Today, the countryside represents a kind of Arcadian idyll, conjuring up images of quaint villages with thatched cottages and tea rooms. But life for the agricultural worker in nineteenth century England was far from idyllic; it was a hard existence of manual labour from dawn until dusk. Apart from the advancements of the agricultural revolution which saw the beginnings of mechanised farming, life had changed very little in rural England for centuries. It was a society of strict hierarchy where everyone knew his place: ‘The rich man in his castle, the poor man at his gate, God made them high and lowly and ordered their estate.’ Such was the message preached from the pulpits of the Church of England. It was into this world that Charles Monger was born to William and Hannah Monger in around 1828, in Sherborne St John, a village to the north of Basingtoke.


Farleigh farm


Charles was born in 1828 to the west of the Hampshire village of Sherborne St John, the son of William and Hannah Monger. A few weeks after his birth, on 28 July 1828, he was baptised at the Church of St Andrew where is father had been baptised and married. His childhood was spent supplementing his family’s income by carrying out jobs around the farms on which his parents worked: scaring crows from the crops, collecting acorns to sell to farmers for their pigs, weeding and stone picking. By his teens, he was employed at a local farm as an apprentice carter, a step up from the lowly agricultural labourer. Apprenticeships traditionally lasted for seven years and by 1861 he was working as a carter at Farleigh Farm (or Manor Farm as it was also called) near Farleigh Wallop, four miles south of Sherborne. Farleigh Wallop formed part of the estate of the Earl of Portsmouth; the land was divided into two farms: Park Farm, to the east of the village and run by a tenant farmer called William Alexander Box, and Manor Farm run by William and Robert Brown. Manor Farm lay to the west of Farleigh Wallop and consisted of 560 acres (just under a a square mile). In 1861, it was run by 53-year old Robert Brown from Lincolnshire, who was living there with his wife, Sarah, 18 years his junior and their six young children.

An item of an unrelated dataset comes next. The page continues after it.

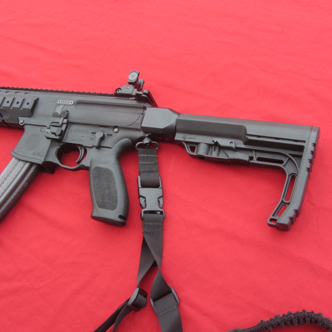 These are newly designed MPX Stock mounts mated with an adjustable length MFT stock. . Slide over rear rail and attach with included soft tipped set screws.(No big bolts) Creates a ROCK SOLID stock that feels perfect against your shoulder and adjusts from 8-1/4 to 11.5 in long. Very nice cheek weld in any position with no small rails to dig into face. Longer length of pull adjustment feels much better without body armor or heavy coats on,and taller shooters will appreciate the extra room. Easy one finger adjustment and has a nice padded butt plate. These slide in and out and do not fold. Includes allen wrench. On and off in 3 MINS ! Mount is CNC Machined from 6061 Alum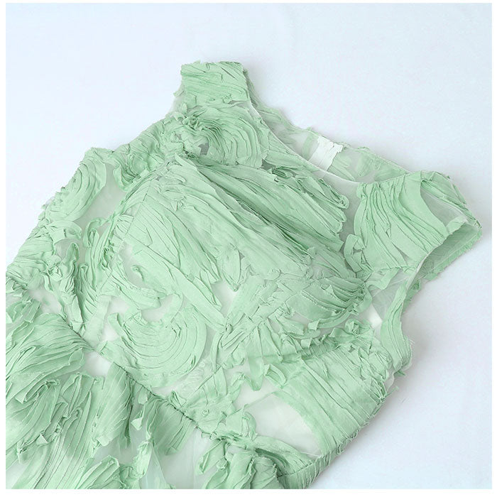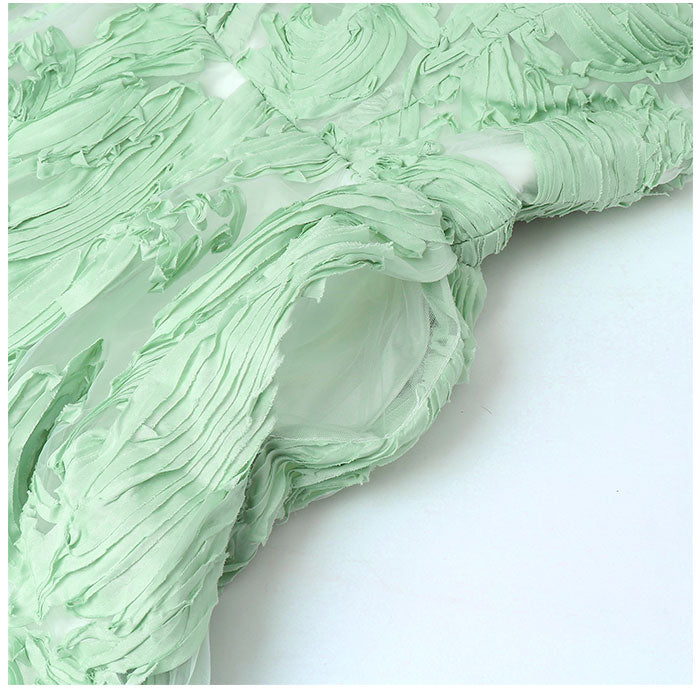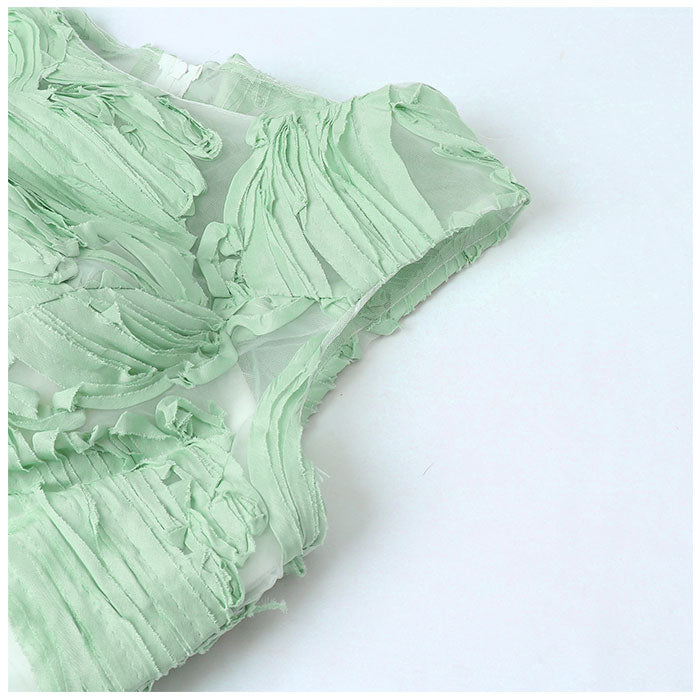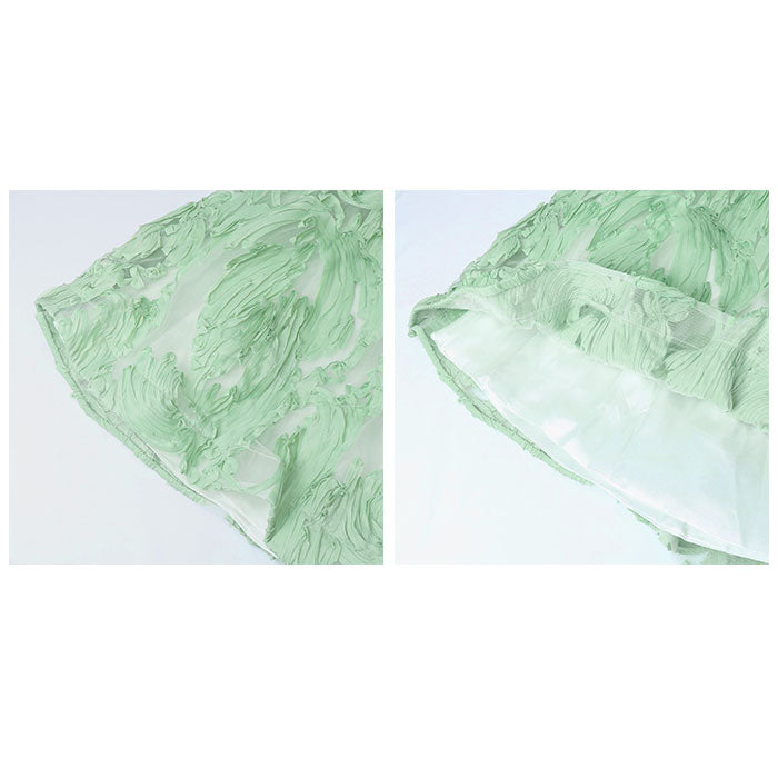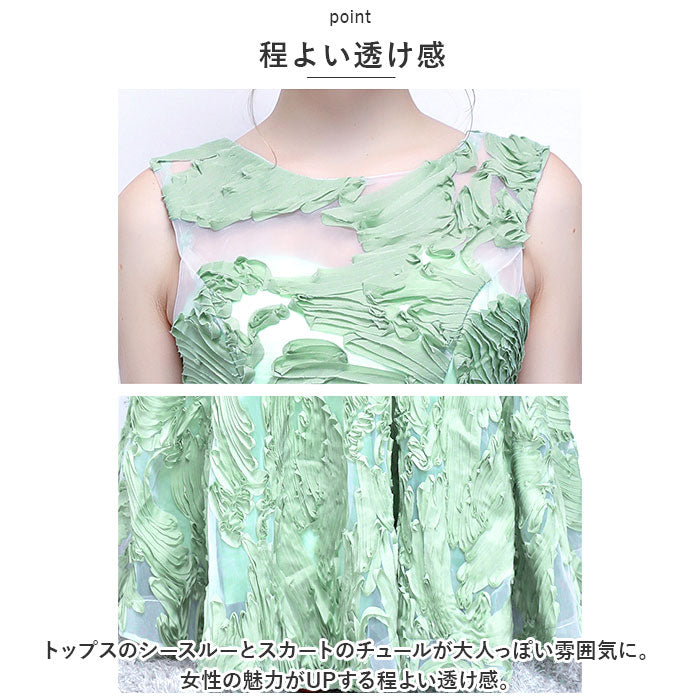 ・トップスのシースルーとスカートのチュールが大人っぽい雰囲気に。女性の魅力がUPする程よい透け感。

As a carter, Charles probably had four horses to work and care for. His day started at five in the morning with feeding, watering and mucking out. Once this was done, it was time for breakfast and awaiting the orders for the day’s work. Only then could he harness the horses to start work at 7 o’clock. Work continued until 4 o’clock, at which time Charles took the horses back to the stables for a drink and a feed of corn before cleaning the mud off of them, grooming their coats and preparing their beds. By 5 o’clock he could return home for tea and some rest. But even then his day was not finished and he was back to the stable at 7 o’clock to give the horses another feed, hay for the night, and prepare their nosebags of corn for the next day. For Charles and the other carters, the working day finished at 8 o’clock. This was the routine every day of the year, except for the summer months, when the horses were turned out to grass for the night at 5 o’clock.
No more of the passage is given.